This chapter is from the book

What Exactly Is Smart TV?

Let’s be honest. “Smart TV,” as the term is used today, is nothing more than marketing hype. The appellation refers to television sets or set-top boxes that offer connectivity to the Internet, typically via Wi-Fi wireless technology, as well as built-in Web 2.0 apps that enable viewing of various streaming video services, such as Netflix and Hulu. There’s nothing inherently smart about a smart TV; it’s a marketing term used to convey the ability to view Internet-based programming.

The concept of the smart TV isn’t particularly new.
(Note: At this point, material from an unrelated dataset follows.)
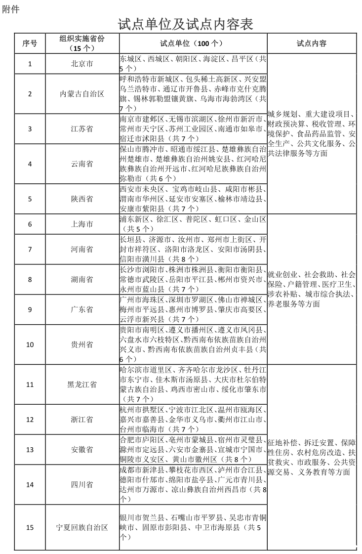 根据各地区实际情况和政务公开工作基础,确定在北京市、安徽省、陕西省等15个省(区、市)的100个县(市、区)(以下称试点单位),重点围绕城乡规划、重大建设项目、公共资源交易、财政预决算、安全生产、税收管理、征地补偿、拆迁安置、保障性住房、农村危房改造、环境保护、公共文化服务、公共法律服务、扶贫救灾、食品药品监管、城市综合执法、就业创业、社会保险、社会救助、养老服务、户籍管理、涉农补贴、义务教育、医疗卫生、市政服务等方面开展试点工作(《试点单位及试点内容表》附后)。承担试点任务的省(区、市)在做好试点工作的同时,可以结合实际适当增加试点内容。

Smart TVs have been around since 2007 or so, under many different labels, including “connected” TV, “hybrid” TV, “IPTV,” and “Internet” TV. (One could even argue that the concept has actually been around since 1995’s WebTV box, which served as an Internet client for traditional TVs.)

Note that a smart TV doesn’t actually have to be a TV. Streaming media boxes and dongles that connect to a TV and offer the requisite streaming video connectivity also fit under the broad category of smart TV devices. So Roku and Apple TV settop boxes are smart TV devices, as are the Google Chromecast, Roku Streaming Stick, and Amazon Fire Stick. For that matter, Blu-ray players and videogame consoles that offer streaming video connectivity are also classified as smart TV devices.

What’s Inside a Smart TV?

At its most basic, a smart TV is a television set that can connect to and interact with the Internet. In practical terms, that means the television must include the following:

  • Wi-Fi radio or Ethernet connection, for connecting to your home network.
  • Central processing unit (CPU), the computer brain that manages all the device’s operations and commands.
  • Operating system (OS) that serves as the interface between the CPU and software-based applications.
  • Graphical user interface (GUI) for displaying menus and other options.
  • Software-based apps that enable connection to various web-based services. For example, a smart TV might have built-in apps for Netflix, Hulu, and Pandora. Most smart TVs come with several apps pre-installed; some smart TVs enable additional apps to be installed after purchase.

Some smart TVs also include apps and associated technologies that enable the device to play back media stored on your home network. In some cases, this capability is built into the OS, as with the Apple TV; in other cases, this capability is enabled by DNLA or UPnP compatibility.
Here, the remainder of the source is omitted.